Elle aurait pu être une tapisserie peut-être, un travail ravissant, imparfait avec des fils coupés, d'autres mal cousus et d'autre au contraire, d'une harmonie à pleurer. Mais personne ne s'installait devant le métier à tisser de son corps, personne ne donnait un sens à la couleur, celle de ses yeux, de ses larmes et de sa chair. Ne restait que les ombres et la nuit, le silence de ce soir nordique, éclatant, profond et invisible également.
Et puis elle, grande, meurtrie, silencieuse... Elle et ses longs doigts, elle qui pansait, rafistolait, grondait, elle qui veillait.
Elle, oui Elle..

Elle qui était les ténèbres.

Les mots de Lyov étaient un ruisseau sur son corps de noyée, mais déjà Elsa n'écoutait plus. L'homme voyait la chute, la sienne, mais restait aveugle aux mains l'ayant poussé. Le malheur n'était pas choisi par la jeune femme, contrairement à ce que semblait penser son interlocuteur. Depuis petite, elle s'acharnait à le combattre, essayant de rire plus fort, de lever le nez et de frapper du pied comme l'on pourrait battre tambour. Sauf que ses blagues ne faisaient bien rire qu'elle et que les chiens faisaient fuir les loups pour mieux la dévorer. Alors elle secoua la tête, un peu sauvage, avec un feu nouveau et pourtant si ancien : on ne pouvait pas l'apprivoiser, pas elle alors qu'on ne lui avait offert que des coups.
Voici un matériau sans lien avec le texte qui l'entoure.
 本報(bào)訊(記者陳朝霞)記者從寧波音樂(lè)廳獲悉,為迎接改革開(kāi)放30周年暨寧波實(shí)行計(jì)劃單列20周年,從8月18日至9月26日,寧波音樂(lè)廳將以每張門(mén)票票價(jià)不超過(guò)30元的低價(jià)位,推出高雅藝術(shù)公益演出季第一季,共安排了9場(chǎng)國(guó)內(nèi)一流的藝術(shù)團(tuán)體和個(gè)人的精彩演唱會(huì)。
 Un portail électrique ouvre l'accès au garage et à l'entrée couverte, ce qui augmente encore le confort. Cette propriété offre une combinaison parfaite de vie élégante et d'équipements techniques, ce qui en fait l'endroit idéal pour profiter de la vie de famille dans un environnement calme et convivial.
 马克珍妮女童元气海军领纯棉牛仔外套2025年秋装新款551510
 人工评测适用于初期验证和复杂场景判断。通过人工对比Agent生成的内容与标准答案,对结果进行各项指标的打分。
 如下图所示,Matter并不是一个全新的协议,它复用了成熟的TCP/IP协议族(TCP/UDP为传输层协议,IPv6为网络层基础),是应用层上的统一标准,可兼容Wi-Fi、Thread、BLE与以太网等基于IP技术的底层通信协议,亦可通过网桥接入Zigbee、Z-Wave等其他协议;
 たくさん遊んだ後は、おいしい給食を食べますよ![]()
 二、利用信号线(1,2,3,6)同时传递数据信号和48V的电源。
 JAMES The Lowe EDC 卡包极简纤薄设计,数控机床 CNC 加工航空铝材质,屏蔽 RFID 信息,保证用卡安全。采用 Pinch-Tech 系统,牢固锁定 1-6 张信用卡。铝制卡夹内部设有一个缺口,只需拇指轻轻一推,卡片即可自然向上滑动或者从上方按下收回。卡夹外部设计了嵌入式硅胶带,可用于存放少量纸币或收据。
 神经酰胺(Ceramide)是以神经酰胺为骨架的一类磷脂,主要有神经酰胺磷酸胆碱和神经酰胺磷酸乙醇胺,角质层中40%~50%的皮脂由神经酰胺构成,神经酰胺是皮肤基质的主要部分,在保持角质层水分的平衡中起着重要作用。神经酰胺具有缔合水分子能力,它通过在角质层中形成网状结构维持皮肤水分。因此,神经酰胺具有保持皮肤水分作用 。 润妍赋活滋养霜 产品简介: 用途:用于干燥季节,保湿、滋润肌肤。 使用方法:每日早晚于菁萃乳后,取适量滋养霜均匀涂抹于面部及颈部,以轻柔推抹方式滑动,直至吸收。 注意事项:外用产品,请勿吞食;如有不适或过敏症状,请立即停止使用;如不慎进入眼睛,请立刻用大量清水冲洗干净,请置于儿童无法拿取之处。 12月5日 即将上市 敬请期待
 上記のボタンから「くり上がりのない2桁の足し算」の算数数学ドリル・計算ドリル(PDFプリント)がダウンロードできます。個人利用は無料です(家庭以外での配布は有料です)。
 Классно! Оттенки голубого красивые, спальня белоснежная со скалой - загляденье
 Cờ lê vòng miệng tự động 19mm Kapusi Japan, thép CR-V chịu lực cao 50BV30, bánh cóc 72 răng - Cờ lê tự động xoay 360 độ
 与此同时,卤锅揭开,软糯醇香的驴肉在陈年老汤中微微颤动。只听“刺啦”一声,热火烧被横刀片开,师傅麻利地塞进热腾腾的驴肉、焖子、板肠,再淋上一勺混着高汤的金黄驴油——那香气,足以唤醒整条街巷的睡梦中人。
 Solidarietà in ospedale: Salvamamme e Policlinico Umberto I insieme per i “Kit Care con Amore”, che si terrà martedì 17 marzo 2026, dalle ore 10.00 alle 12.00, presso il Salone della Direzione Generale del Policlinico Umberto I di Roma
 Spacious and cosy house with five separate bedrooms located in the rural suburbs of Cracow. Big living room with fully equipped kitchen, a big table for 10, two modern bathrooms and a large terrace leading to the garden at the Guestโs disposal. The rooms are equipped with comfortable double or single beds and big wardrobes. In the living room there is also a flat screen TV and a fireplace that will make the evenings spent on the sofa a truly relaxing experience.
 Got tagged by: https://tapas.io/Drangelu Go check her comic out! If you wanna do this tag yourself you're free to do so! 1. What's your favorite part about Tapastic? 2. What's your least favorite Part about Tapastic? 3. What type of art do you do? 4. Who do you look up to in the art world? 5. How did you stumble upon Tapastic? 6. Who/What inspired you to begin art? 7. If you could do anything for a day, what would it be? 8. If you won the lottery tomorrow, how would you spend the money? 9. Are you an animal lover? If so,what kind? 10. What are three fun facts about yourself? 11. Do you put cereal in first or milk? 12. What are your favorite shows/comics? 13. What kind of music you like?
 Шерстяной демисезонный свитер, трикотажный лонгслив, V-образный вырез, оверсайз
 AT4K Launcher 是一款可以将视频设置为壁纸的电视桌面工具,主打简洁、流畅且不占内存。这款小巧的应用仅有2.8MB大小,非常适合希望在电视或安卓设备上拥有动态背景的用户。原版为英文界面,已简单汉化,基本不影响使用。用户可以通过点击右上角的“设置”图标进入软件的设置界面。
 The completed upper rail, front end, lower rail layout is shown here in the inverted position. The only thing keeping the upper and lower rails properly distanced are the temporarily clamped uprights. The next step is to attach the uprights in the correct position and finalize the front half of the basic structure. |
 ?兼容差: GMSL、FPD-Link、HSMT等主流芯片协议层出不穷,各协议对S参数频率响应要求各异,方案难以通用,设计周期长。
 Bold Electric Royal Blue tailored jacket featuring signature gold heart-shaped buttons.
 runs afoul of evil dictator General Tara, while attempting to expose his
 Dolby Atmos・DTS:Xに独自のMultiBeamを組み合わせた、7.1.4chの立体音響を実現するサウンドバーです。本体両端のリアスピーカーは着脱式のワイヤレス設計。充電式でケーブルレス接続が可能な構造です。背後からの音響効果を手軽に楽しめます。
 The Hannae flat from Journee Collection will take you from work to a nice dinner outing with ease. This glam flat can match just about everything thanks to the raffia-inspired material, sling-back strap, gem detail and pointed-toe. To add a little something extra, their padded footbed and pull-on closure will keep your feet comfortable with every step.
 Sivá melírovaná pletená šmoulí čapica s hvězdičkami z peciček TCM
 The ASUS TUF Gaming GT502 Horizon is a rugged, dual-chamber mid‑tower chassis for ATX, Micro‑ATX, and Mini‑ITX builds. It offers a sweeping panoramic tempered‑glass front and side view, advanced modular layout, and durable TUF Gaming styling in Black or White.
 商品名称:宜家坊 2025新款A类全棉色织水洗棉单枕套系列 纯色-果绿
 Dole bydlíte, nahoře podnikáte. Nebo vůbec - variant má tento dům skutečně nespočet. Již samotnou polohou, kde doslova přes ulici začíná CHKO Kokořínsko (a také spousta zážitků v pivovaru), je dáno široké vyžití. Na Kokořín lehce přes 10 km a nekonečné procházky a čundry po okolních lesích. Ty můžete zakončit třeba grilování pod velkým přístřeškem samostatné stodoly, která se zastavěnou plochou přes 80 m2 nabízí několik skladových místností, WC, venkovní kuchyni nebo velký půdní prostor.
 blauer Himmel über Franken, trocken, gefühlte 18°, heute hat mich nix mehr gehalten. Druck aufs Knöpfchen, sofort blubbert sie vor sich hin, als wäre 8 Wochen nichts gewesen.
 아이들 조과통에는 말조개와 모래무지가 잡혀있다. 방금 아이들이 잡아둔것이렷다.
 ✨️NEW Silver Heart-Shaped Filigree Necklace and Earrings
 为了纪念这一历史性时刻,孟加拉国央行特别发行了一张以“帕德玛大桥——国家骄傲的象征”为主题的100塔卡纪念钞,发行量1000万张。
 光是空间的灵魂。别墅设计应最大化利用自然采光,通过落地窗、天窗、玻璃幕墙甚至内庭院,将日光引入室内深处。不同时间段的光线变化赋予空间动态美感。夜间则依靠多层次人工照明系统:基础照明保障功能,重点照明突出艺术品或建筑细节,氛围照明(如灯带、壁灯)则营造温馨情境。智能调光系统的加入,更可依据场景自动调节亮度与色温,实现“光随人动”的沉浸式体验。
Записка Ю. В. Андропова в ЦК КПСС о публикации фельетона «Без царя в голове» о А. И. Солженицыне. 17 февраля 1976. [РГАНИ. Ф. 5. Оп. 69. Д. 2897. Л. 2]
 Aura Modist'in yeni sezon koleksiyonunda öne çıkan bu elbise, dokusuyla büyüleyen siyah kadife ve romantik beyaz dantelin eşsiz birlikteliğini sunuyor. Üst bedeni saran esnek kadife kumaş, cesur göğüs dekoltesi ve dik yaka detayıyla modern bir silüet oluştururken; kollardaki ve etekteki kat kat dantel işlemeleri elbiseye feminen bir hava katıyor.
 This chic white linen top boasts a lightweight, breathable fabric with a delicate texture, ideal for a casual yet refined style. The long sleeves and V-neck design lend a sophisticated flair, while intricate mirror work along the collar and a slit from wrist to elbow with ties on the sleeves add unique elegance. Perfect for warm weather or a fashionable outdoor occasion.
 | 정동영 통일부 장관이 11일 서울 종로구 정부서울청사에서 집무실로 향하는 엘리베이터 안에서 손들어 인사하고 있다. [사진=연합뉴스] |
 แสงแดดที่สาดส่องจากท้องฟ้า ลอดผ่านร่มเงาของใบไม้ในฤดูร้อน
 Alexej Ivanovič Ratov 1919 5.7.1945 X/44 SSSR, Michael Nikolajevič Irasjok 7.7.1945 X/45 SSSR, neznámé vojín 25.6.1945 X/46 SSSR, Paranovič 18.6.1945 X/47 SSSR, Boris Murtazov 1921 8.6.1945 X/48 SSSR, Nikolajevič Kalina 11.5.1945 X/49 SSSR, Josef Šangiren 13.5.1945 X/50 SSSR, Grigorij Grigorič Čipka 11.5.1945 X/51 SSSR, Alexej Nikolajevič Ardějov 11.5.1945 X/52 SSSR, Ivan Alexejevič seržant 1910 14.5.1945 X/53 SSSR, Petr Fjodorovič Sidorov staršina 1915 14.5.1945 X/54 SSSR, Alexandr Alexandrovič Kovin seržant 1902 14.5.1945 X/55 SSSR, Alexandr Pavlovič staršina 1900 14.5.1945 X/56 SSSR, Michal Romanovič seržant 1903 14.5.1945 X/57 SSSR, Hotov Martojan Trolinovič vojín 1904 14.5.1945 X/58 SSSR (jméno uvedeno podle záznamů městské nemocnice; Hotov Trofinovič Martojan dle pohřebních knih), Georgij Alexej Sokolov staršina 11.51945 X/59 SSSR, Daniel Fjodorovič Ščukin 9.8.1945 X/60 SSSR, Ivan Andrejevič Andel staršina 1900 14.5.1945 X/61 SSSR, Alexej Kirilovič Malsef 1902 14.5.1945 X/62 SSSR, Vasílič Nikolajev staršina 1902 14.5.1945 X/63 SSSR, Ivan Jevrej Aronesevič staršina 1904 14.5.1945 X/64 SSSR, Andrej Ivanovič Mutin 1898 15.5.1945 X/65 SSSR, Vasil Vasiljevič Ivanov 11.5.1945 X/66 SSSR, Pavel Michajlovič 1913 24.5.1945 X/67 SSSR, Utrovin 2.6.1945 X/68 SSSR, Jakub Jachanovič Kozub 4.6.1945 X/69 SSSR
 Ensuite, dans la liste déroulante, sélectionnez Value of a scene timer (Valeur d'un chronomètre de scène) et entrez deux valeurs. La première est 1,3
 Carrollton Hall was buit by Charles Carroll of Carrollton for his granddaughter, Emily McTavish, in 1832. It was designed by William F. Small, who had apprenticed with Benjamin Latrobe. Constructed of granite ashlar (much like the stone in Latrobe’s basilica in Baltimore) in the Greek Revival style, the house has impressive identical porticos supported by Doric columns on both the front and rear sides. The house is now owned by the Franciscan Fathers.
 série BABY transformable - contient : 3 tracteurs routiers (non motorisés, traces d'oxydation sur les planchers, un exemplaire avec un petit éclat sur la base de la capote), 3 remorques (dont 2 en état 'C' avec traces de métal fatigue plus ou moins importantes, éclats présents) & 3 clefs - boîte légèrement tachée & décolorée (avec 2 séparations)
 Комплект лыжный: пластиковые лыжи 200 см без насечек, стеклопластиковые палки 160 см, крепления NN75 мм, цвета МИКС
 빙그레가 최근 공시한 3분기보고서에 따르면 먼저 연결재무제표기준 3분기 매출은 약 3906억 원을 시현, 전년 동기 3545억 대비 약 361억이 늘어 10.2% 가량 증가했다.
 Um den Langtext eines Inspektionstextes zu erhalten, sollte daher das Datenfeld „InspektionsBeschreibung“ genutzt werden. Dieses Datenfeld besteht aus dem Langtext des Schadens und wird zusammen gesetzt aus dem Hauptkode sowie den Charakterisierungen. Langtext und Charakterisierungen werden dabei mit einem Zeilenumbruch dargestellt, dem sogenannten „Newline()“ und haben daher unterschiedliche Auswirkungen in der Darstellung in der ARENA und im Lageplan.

Non, ce serait offrir trop de facilité au monde et pourtant bien sûr qu'Elsa adorerait se rendre chez Lyov un jour, s'installer sur sa terrasse, boire un verre en sa compagnie, peut être même un simple soda et regarder le temps passer. Mais le faire, ce serait se trahir elle-même, alors elle refusait, se débattait et plongeait un peu plus au cœur du brasier. Peu importe que l'on ne sache pas déchiffrer ses yeux, peu importe qu'on la considère folle ou foutue, mais tout plutôt que le miel des gentillesses illusoires !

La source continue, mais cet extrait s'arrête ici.